“Pastor Sanders, it’s come to our attention that a room in the parsonage has been painted purple. Is this true?” Mrs. Graves, the head of the building committee, led the inquisition.
Mark exhaled sharply through his nose. It sure didn’t take the “Grave Widow” long to pounce. He hadn’t discovered it himself until last night. Did she “just happen to smell the fumes while she was passing by?”
Don’t be petty with her, he admonished himself—this was Ann’s fault.
“Yes, it’s true and I apologize.”
“Don’t misunderstand us—we want your family to feel at home. . . ” The other two members of the committee nodded vigorously.
Mark, I feel as if I am a guest in my own home. I can’t landscape; I can’t get a dishwasher and these white walls make me feel like a transient.
“. . . and when you asked us if you could paint the bedrooms, I—we said yes.”
“She said we could paint it neutral or light? Etta doesn’t want neutral or light—she loves purple.”
He had hoped to surprise Ann when he had arrived at the house last night, ahead of schedule. Her wide eyes, red face and shaky embrace told him he had, indeed, attained his goal.
Mom came for an impromptu visit and I mentioned Etta wanting her room painted and I explained the situation with the paint color. We went to the store and the clerk showed us the spectrum of purples. Believe or not—this is a light shade. I mean look, (and she reached in her purse for color samples) this is a dark purple—what we have in that room doesn’t begin to come near this shade.
“The paint is not as dark as it seems at first glance,” Mark told the committee.
Kevin, the maintenance man, spoke up: “You all used latex paint, I’m assumin’—there shouldn’t be no problem repaintin’ later.” Mrs. Graves turned her head sharply as if wondering from where on earth that voice had come.
Mark, it’s just paint. And you keep saying “purple” but it’s really more of a lavender.
That’s not the point, Ann. When we moved here, they gave us parameters and we accepted them. The point is I went to bat for you about something I don’t think is important—wall color. The point is that we broke their trust and you broke mine by waiting until I was at a conference to bring in the big guns—meaning your mother—to give you the boldness to do something you knew was wrong.
What difference does the color make? That woman just likes control. And I did not need my mother to do this. And I’m not repainting that room—until we move!

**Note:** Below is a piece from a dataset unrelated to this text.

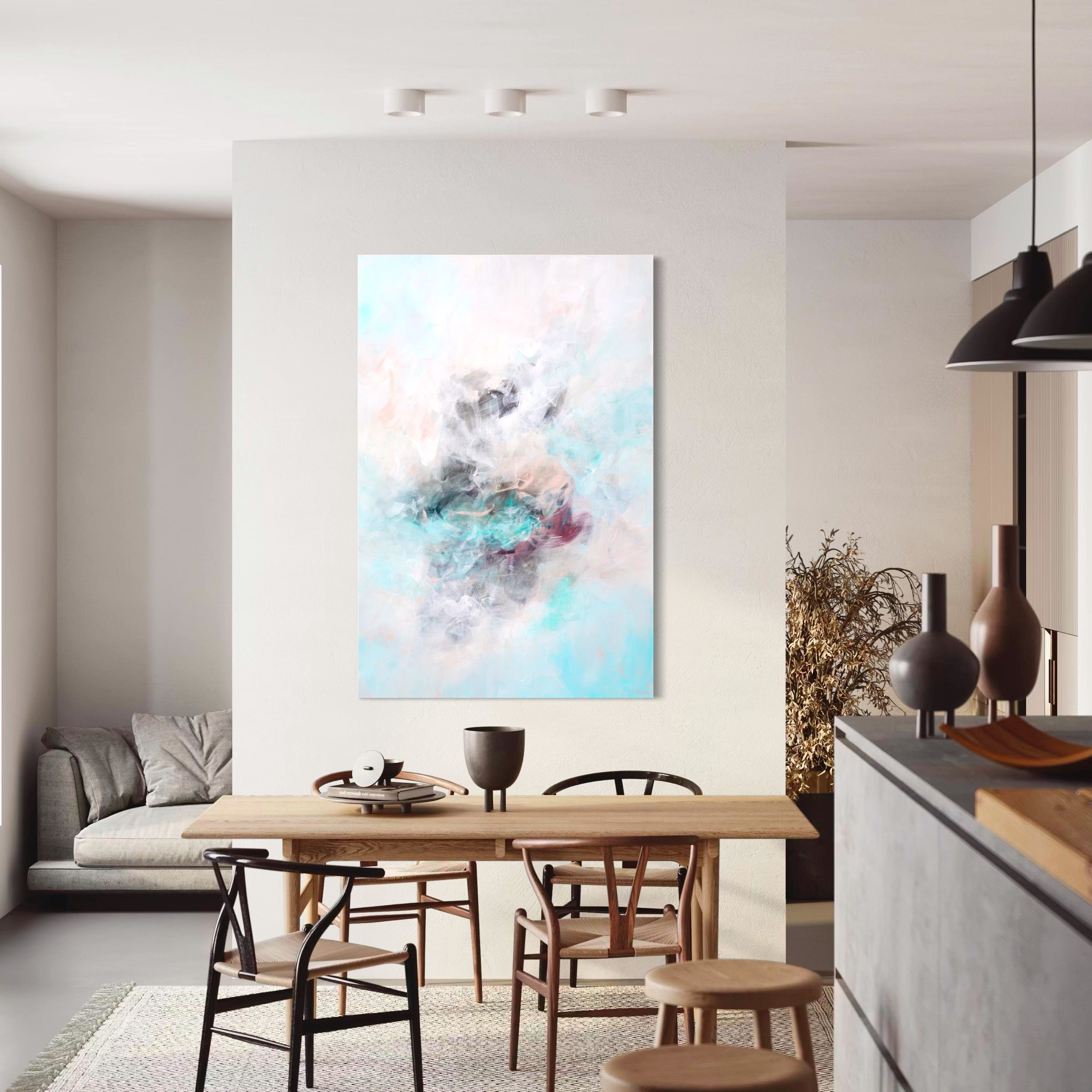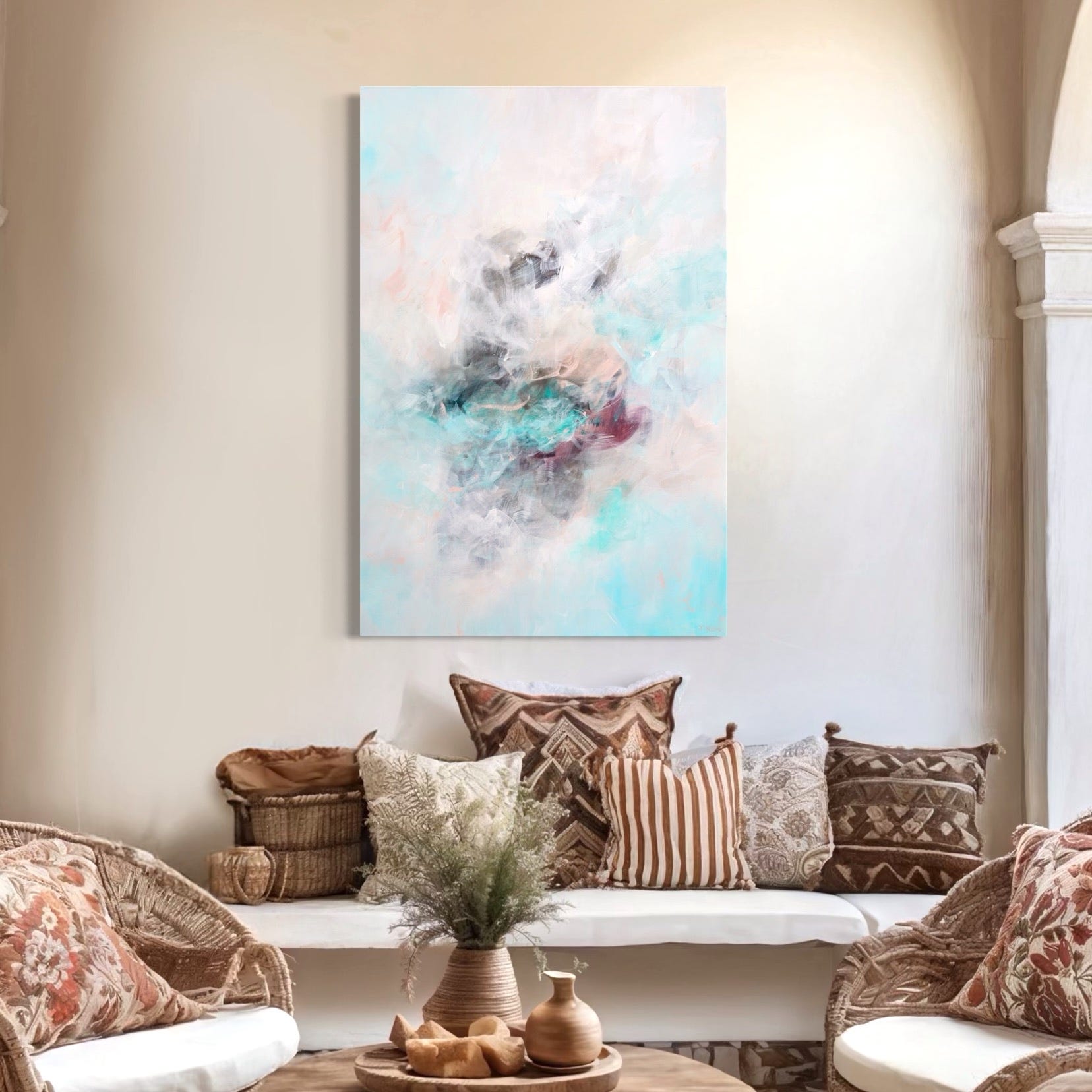 This abstract painting, with its calming teal hues and delicate white accents, captures the essence of a chilled ocean breeze on a dreamy afternoon.

Sometimes I think you care more about pleasing your congregation than pleasing us. We are not going to do anything to destroy this house. We need you to stand up for us, Mark.
“Thanks, Kevin, but we’ll take care of the painting. Before I go, though, I would like to bring up the issue of the dishwasher. You know Ann enjoys having gatherings for you and making meals when there is a need? Well, she needs a dishwasher to make that load a little easier—no pun intended. I’ll pay for it.”
“A dishwasher?” Mrs. Grave’s nose wrinkled. “You know there isn’t room and what about the water bill? No, I don’t think it’s a good idea.”
“I can take out a cabinet and it don’t raise the bill none. I’ll put it in for your Missus.” Kevin said.
“I agree and that makes it a majority.” This came from Mr. Pike, the third committee member and a man of few words.
Mark unlocked the front door where only paint fumes greeted him. His eyes flickered to note left on the counter.
I’ve gone with Etta to Mom and Dad’s.
This “paint issue” has really upset me and caused me to re-evaluate our relationship. After much prayer, I see that my first allegiance, on this earth, has to be by your side. I know you’ve had a hard time building trust with this congregation after what the last pastor put them through, and I should not have undermined that. If you go into Etta’s room, you will see evidence of my sorrow.
Etta and I love you more than purple.
P.S. Mom’s birthday dinner starts at six.